In my mind, every time he messaged me on facebook, it was a sign that he really adored me the same way I did him.
we found that we had a lot in common.
so one day, i invited him to come over during christmas break.
and he did.
we watched a movie, went to the library, went to his house.
it was like a dream.
nothing happened, as in, neither of us made any moves.
but, I felt like I was totally not myself.
it was the strangest thing. I heard myself saying really mean things.
like, i started making fun of this one kind of dorky kid that goes to our school.
just stuff i don't usually do at all. i could barely believe the words as they came out of my mouth.

since then, it's been sort of downhill.
we still talked on facebook for a while.

but now the thing is, every time he's on facebook, i wait for him to message me, the way he used to. but he doesn't anymore.
he's online, but he doesn't message me.
i see him sign off without a single word.
i guess i really just dont mean that much to him.
i dunno. im just really confused.
and it's not just something i can let go.
i know that in ten years, none of this will really matter.
but every time i see him, my stomach clenches, and every time somebody messages me on facebook i still hope it might be him.
and every time i see him in school i act like he's insignificant to me.
i can't be around him too long, or im afraid I'll do something stupid.

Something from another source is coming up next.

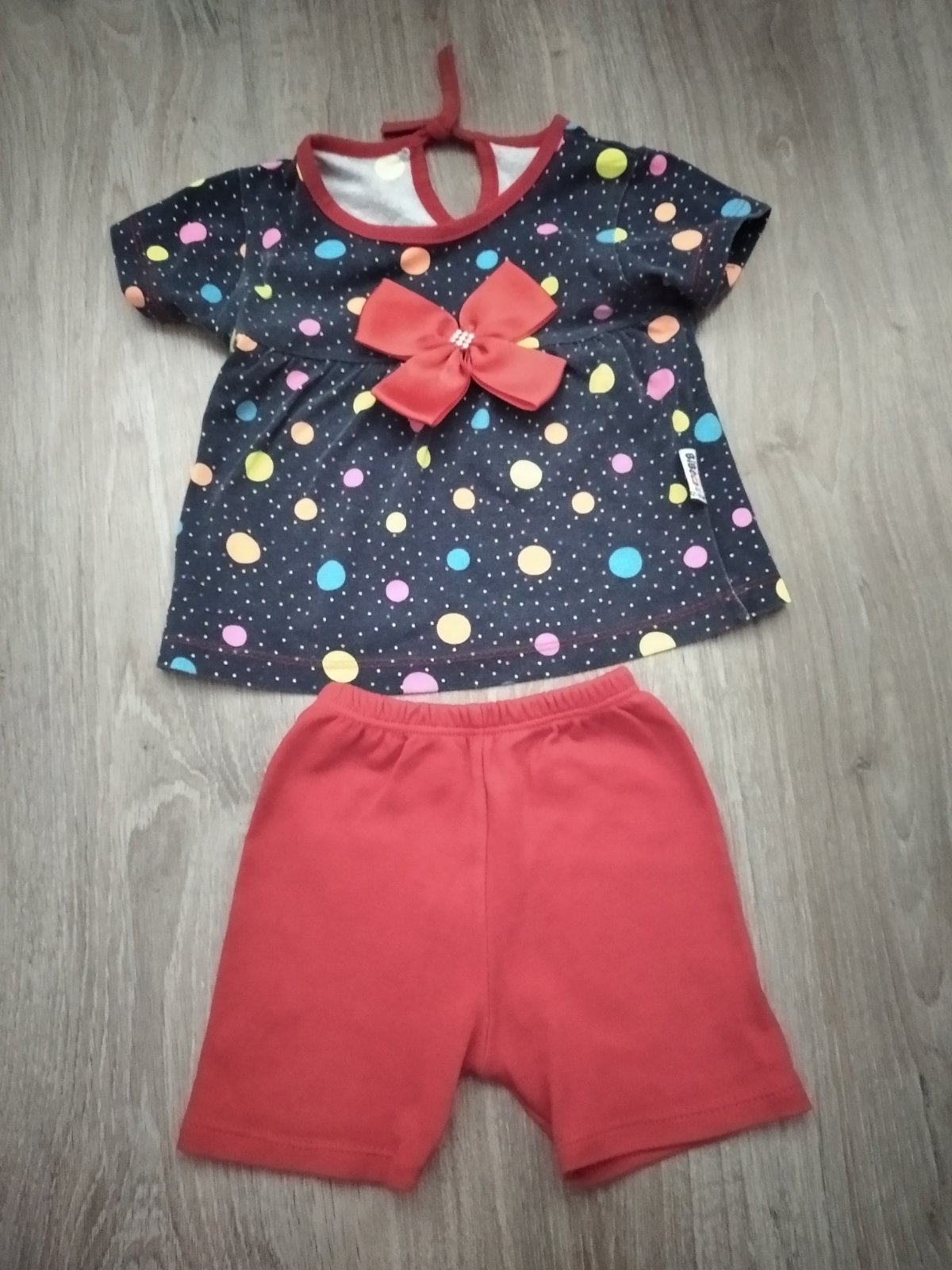 Súpravka je v dobrom nosenom stave, kvalitný bavlnený materiál, veľkosť uvedená 6-9 mes., tričko šírka 25 cm, dĺžka 26 cm, kraťasky v páse 21 cm, natiahne sa na 29 cm, dĺžka 21 cm.
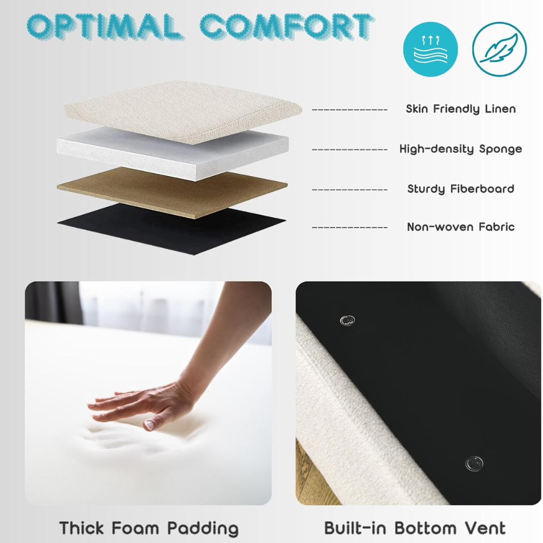 Comfortable & Sturdy Design – The cushioned seat is filled with a thick, high-resilient sponge, ensuring lasting comfort without deformation. Upholstered in soft linen fabric, it provides a soothing touch for relaxation. Built with a high-quality wooden frame and sturdy footstools, it supports up to 300 lbs, offering exceptional stability. It has a sturdy and durable construction, making it a reliable furniture piece.

so....basically....i feel heartachy.
to know him has always been wonderful. but now it's just painful.
just really, really painful.
i've been dealing with it in my usual manners of songwriting and poetrywriting and listening to music and journalwriting and just crying to myself.
nothing seems to be helping.
From,
Awfully Lovesick

Dear Awfully Lovesick,

Your sign-off actually said it all. You are "lovesick" and just because you won't remember it in ten years doesn't make it unimportant today. It is important. Being crazy about someone and unsure of how they feel about you is as anxiety-producing as it gets.

You are also a very obviously a bright young woman who has just not found her own authentic "voice" as of yet. You will. That mean stuff you said? Forgive yourself. He probably said some pretty weird stuff, himself. Both of you are just struggling to communicate, and communication is difficult--even in long-term relationships.

You are doing all the right things to heal--journalling, writing poetry and music, etc. A good run or dance class wouldn't hurt either. Sweating has a way of getting some of those "stuck feelings" moving. But mostly--and I know you are going to hate to hear this--it's going to take a little time. When your mind runs crazy with anxious thoughts, just take a deep breath and say to yourself, "That's just my mind running crazy. Right this moment, I am okay". Be kind to yourself.

The Truth Teller.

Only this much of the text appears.